Other physiologically acceptable compounds include wetting agents, emulsifying agents, dispersing agents or preservatives which are particularly useful for preventing the growth or action of microorganisms. Various preservatives are well known and include, e.g., phenol and ascorbic acid. One skilled in the art would appreciate that the choice of a pharmaceutically acceptable carrier including a physiologically acceptable compound depends, for example, on the route of administration of the modulatory agent of the invention and on its particular physio-chemical characteristics.
Administration of the agent, in the form of a pharmaceutical composition, may be performed by any convenient means known to one skilled in the art. Routes of administration include, but are not limited to, respiratorally, intratracheally, nasopharyngeally, intravenously, intraperitoneally, subcutaneously, intracranially, intradermally, intramuscularly, intraoccularly, intrathecally, intracereberally, intranasally, orally, rectally, patch and implant.
For oral administration, the compounds can be formulated into solid or liquid preparations such as capsules, pills, tablets, lozenges, powders, suspensions or emulsions.
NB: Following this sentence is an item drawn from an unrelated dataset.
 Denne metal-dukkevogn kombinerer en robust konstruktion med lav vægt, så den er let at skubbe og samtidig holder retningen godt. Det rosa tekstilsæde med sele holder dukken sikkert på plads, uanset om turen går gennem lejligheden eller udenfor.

In preparing the compositions in oral dosage form, any of the usual pharmaceutical media may be employed, such as, for example, water, glycols, oils, alcohols, flavoring agents, preservatives, coloring agents, suspending agents, and the like in the case of oral liquid preparations (such as, for example, suspensions, elixirs and solutions); or carriers such as starches, sugars, diluents, granulating agents, lubricants, binders, disintegrating agents and the like in the case of oral solid preparations (such as, for example, powders, capsules and tablets). Due to their ease in administration, tablets and capsules represent the most advantageous oral dosage unit form, in which case solid pharmaceutical carriers are obviously employed. If desired, tablets may be sugar-coated or enteric-coated by standard techniques. The active agent can be encapsulated to make it stable to passage through the gastrointestinal tract while at the same time allowing for passage across the blood brain barrier, see, e.g, International Patent Publication Number WO 96/11698.
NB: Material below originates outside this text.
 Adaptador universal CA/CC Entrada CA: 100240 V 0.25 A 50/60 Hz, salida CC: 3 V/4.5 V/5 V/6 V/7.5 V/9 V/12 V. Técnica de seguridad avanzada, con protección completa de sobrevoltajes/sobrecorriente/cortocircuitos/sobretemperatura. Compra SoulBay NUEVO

Agents of the present invention, when administered orally, may be protected from digestion. This can be accomplished either by complexing the agent with a composition to render it resistant to acidic and enzymatic hydrolysis or by packaging the agent in an appropriately resistant carrier such as a liposome. Means of protecting compounds from digestion are well known in the art, see, e.g. Fix, Pharm Res 13:1760-1764, 1996; Samanen et al, J Pharm Pharmacol 48:119-135, 1996; U.S. Pat. No. 5,391,377, describing lipid compositions for oral delivery of therapeutic agents.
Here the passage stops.